02 August 2007

you can't predict the climate, either

Julie Rehmeyer, of MathTrek, writes about how predicting the weather -- or climate -- is basically impossible. The article begins:
Climate models may never produce predictions that agree with one another, even with dramatic improvements in their ability to imitate the physics and chemistry of the atmosphere and oceans. That's the conclusion of a report by James McWilliams, an applied mathematician and earth scientist at the University of California, Los Angeles. The mathematics of complex models guarantees that they will differ from one another, he argues. Therefore, says McWilliams, climate modelers need to change their approach to making predictions.

I had been under the impression that this was already known. It's known as "sensitive dependence on initial conditions"; if we know the weather to within a certain precision ε right now, then after one day we know the weather to within kε, after two days we know it to within k2ε, and so on, where k is some constant larger than 1 . More technically, the Lyapunov exponent of the weather is positive.

I've probably read several dozen versions of the story that is usually told about Edward Lorenz's toy model of the weather. (It would be interesting to see a web page that gives the various ways this particular story has been told, something like this page which gives over a hundred versions of the story of the young Gauss summing 1 + 2 + ... + 100.) The story, if you're not familiar with it, goes like this: Lorenz had a toy model of the weather in his computer, a system of differential equations. (I want to say it was a system of three equations, but I might be confusing it with the Lorenz attractor.
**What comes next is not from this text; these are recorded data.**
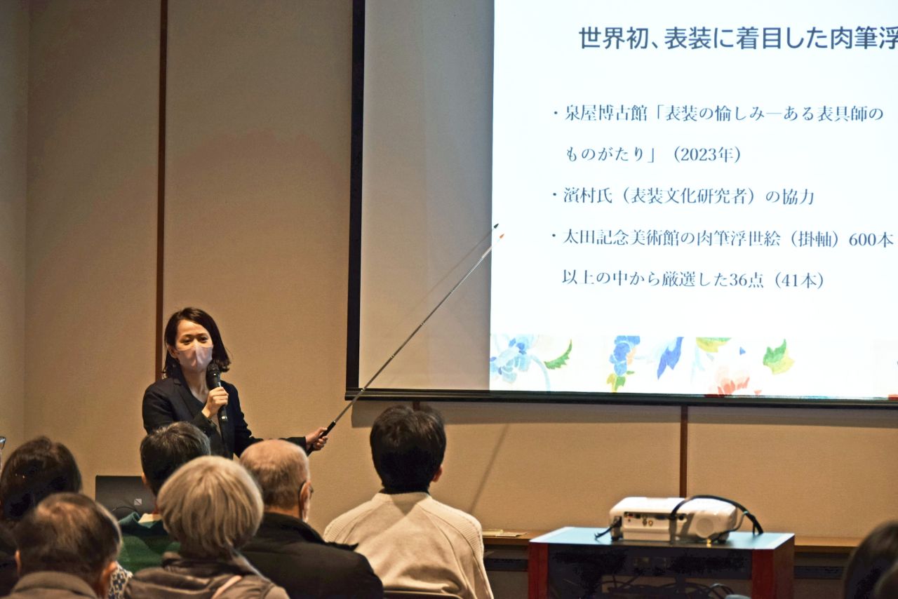 掛軸の裂地やデザインなど、肉筆浮世絵の表装に着目した世界初の展覧会「表装 ―肉筆浮世絵を彩る」に足を運び、担当学芸員さんによるスライドトークを体験取材しました。
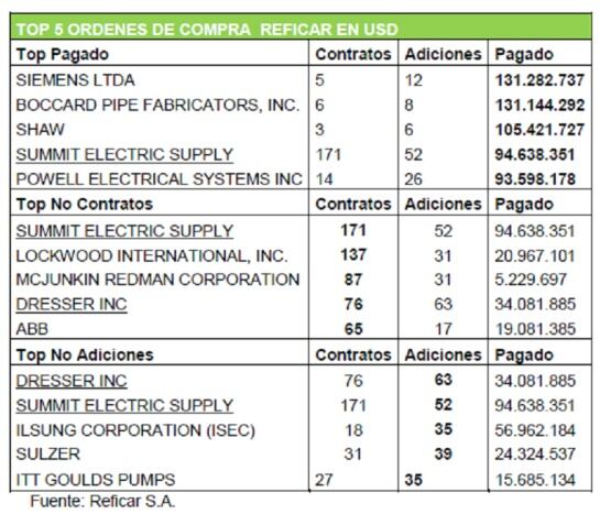 A esto se suma el Top 5 de los subcontratistas en dólares. Según información de Reficar, al 11 de noviembre de 2015 se han realizado 533 contratos, 147 adiciones y se ha pagado un total de 2,029 millones de dólares. En Euros se han realizado 11 contratos, 54 adiciones y se ha pagado un total de 3,7 millones de Euros.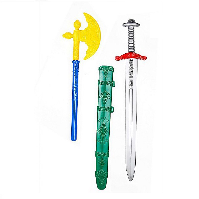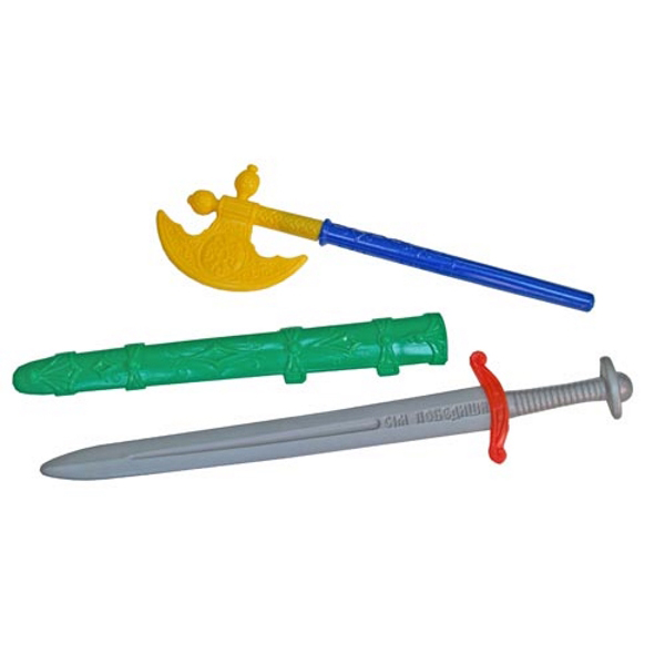 В игровой комплект входит два вида игрушечного оружия – секира с ножнами и меч. Секира – это один из видов холодного рубящего оружия (разновидность боевого топора). Она производиться в двух цветовых сочетаниях: синий – жёлтый и красный – зелёный. Секира имеет лезвие в виде полумесяца и длинную рукоять. По всей длине она украшена объёмными витиеватыми узорами. В длину холодное оружие составляет 45,5 см. Меч – это разновидность холодного оружия, которое имеет прямой клинок и предназначено для нанесения рубящих или колющих ударов. Он имеет длину 57 см, окрашен в серебристый цвет, имитирующий металл, имеет резную рукоятку и объёмную надпись на старославянском языке. Ножны выпускаются в двух цветах (зелёный или чёрный).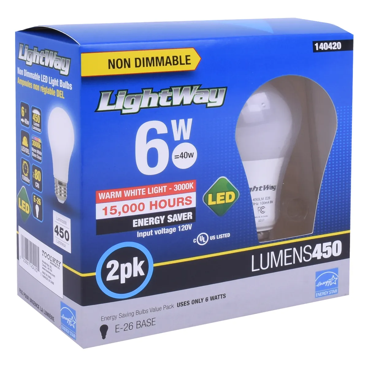 2PK Bulb A19 LED Non-Dimmable E26 Base 6W Warm White
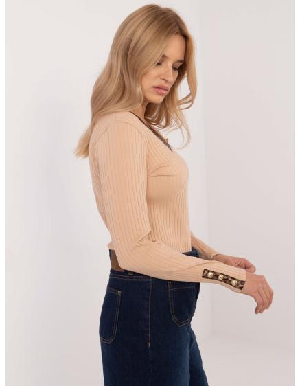 Ecru blúzka s dlhým rukávom s ozdobnými gombíkmi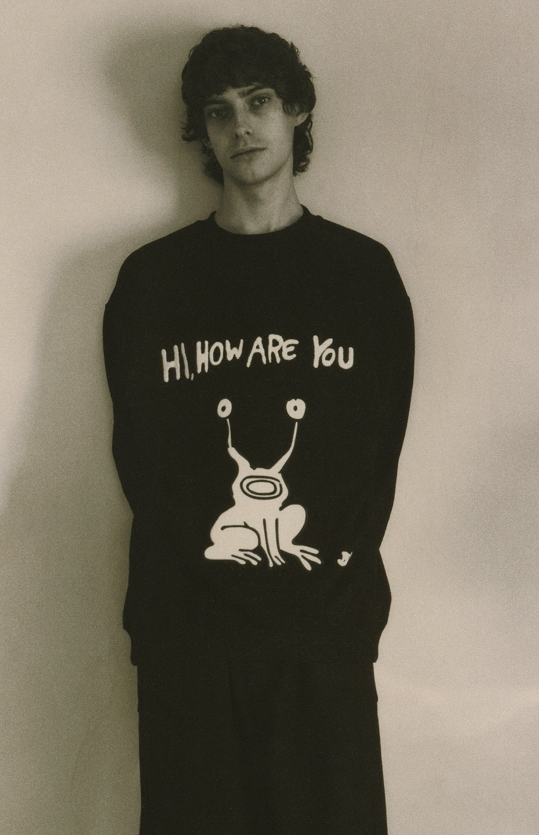 ダニエル・ジョンストンのエレミヤ・ザ・イノセントと「Hi, How Are You」のウール刺繍でライナー、クルーネックスウェットとフーディを飾り、ダニエル・ジョンストンのノートブックから採った他のアートワークを、特殊レジンでコーティングしたコットン製ワッペンや、ウェアに直接プリントしました。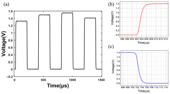 Sequential operation test chart. (a) is the laser power passing through the AOM can be changed by DDS, and the laser can be turned on and off. (b) Enlarged diagram of rising edge; (c) enlarged diagram of falling edge. The response time of the AOM is less than 6 μs.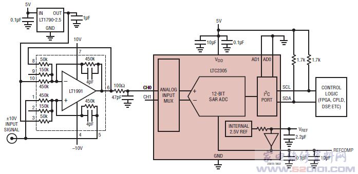±1LSB INL 和 DNL、±2mV (最大值) 零标度误差和 ±1LSB (最大值) 满标度误差。AC 输入信号数字化在 1kHz 时实现了73dB SINAD 和 –88dB THD。能进行高达400kHz 的 I2C 数据传送,允许高达14ksps 的采样速率。数据可以通过 3V 或 5V 逻辑传送。这些 ADC 包括两个可连接到低、高或置于浮动状态的地址选择引脚,允许选择 9 个独立 I2C 地址中的任何一个。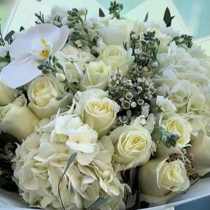 - Hortensie Albă (1 fir): Hortensia albă, cu volumul său luxos, simbolizează puritatea și sinceritatea, fiind un element central al buchetului și oferind un aer sofisticat.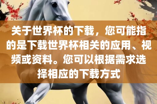 关于世界杯的下载,您可能指的是下载世界杯相关的应用、视频或资料。您可以根据需求选择相应的下载方式

Then again, they may actually be the same system.) It was the sixties, so computers were slow. Lorenz had his computer print out the position of the system in phase space at time 0, 1, 2, ...; one day he was looking at one of these printouts and saw a pattern he wanted to investigate. He fired up the computer again and typed in a line from the printout and told it to evolve the system from that point. The system evolved differently in the second run than the first; Lorenz thought it was a mistake, but eventually realized that the figures on the printout were rounded versions of the actual numbers in the computer, so he was introducing a small error by doing this, which was quickly amplified.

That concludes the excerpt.